Step Three: Explain – Day #2 (Connect content with explore and elaborate.)

Needs:

  • A white board or large Post It notes for creation of the public matrix
  • A mechanism for students to watch the “How Do Airplanes Fly?” video
  • Laser Cutter
  • Computer with Inkscape.

35 minutes

Class begins with the teacher connecting the behaviors of the premade balsa wood planes to scientific concepts that are relevant to the curriculum. (Often these are drag/friction, propulsion/force, lift/force, and gravity). The teacher then segues into creating a matrix of these forces and discoveries students have made as to how the forces can be manipulated in order for the plane to fly better. This matrix should be left in a public space for reference and for students to add further discoveries. Additional steps are below.

  1. The BCL instructor shows the​​“How Do Airplanes Fly?”​video to further explain the​science behind the module.
  2. The BCL instructor uses the laser cutter to make cardboard fuselages for the student’s custom airplanes. As this takes place the BCL instructor describes how the laser cutter works and demonstrates how the patterns were made via Inkscape (an activity the students will be involved in the 6-8 hour modules).
  3. The BCL instructor will list and explain the steps of the design process as a model for student team workflow.

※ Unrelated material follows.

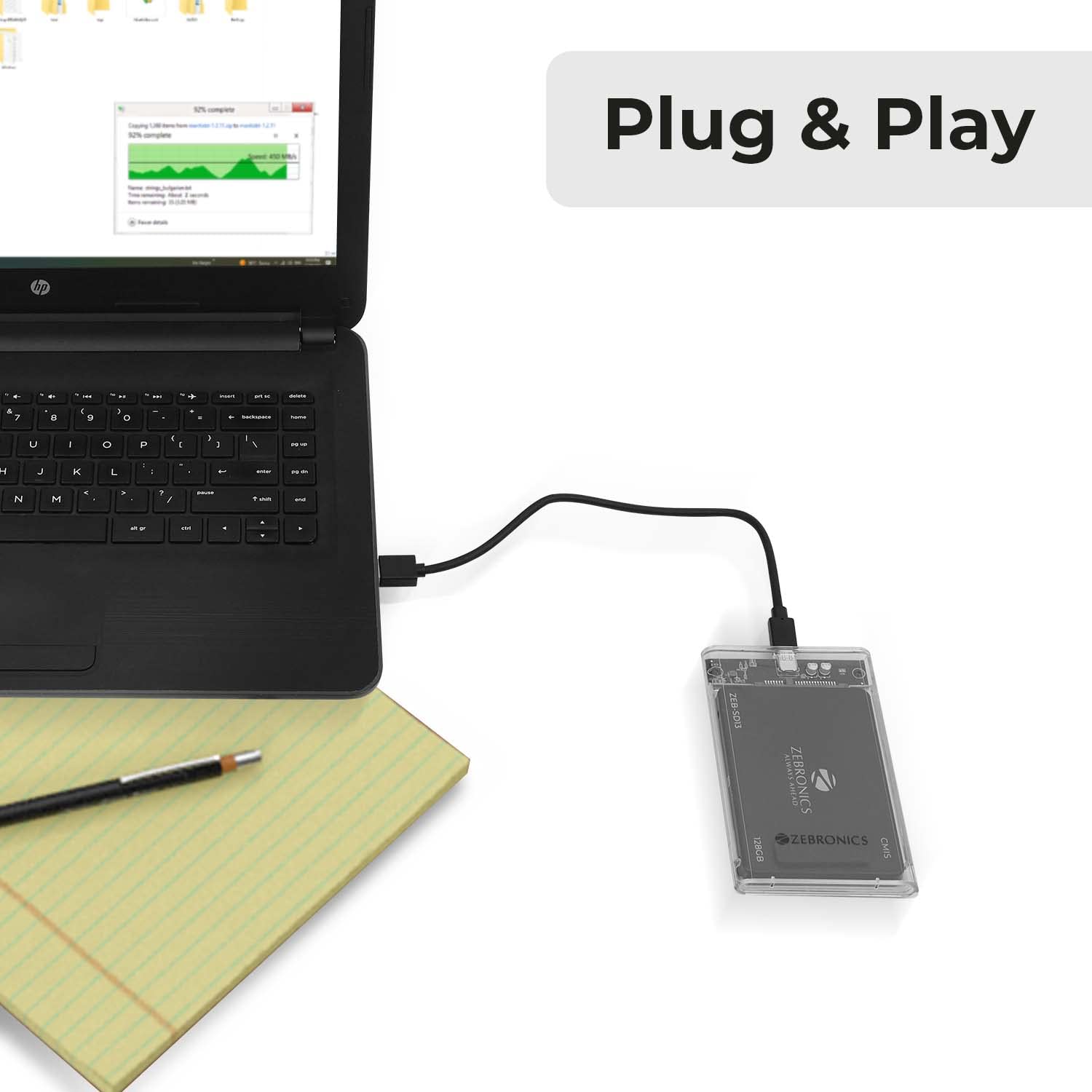 ZEBRONICS CSH01 2.5 SATA SSD Enclosure with Transparent case, Type C 3.1, Upto 5 gbps* and Upto 6TB Max Storage Capacity.

Step Four: Elaborate – Day #2-3 (Take content knowledge and utilize it to complete a challenge in design and fabrication process.)

Needs:

  • Laser cut fuselages
  • Heavy card stock
  • Scissors
  • Box cutters
  • Writing utensils (colored pencils are the best)
  • Science notebooks/graph paper
  • Rulers

55 minutes or more spread over two days

Additional steps are below.

  1. The BCL instructor and teacher introduce the custom airplane module.
  2. Students are asked to take the given laser cut fuselages and combine them with custom wings and attachments created with cardstock to make flying model airplanes.
  3. Students should first design their wings on the cardstock, then cut them out with the scissors provided. Should students want thicker wings, they can cut out two or more copies and glue them together.
  4. Students are also instructed to carefully measure the needed slit in the fuselage for the wings to be attached and to draw it on the cardboard. (Depending on the teacher’s comfort with student use of box cutters, the students may cut this slit, OR they may come to the teacher/BCL instructor for the slit to be cut.)
  5. The teacher provides the procedures for teams to collect the materials for creating their custom planes.
  6. The BCL instructor encourages students to iterate on their wing design as they get feedback from testing them. Students should collect data on their designs and add to the matrix as they find methods that work best.)
  7. The BCL instructor and teacher inform the students airplane design will be evaluated the following day based on their ability to fly their airplane to a given target.
  8. Students utilize the provided materials to create custom working airplane models informed by their knowledge of science and data collected from successive experimentation.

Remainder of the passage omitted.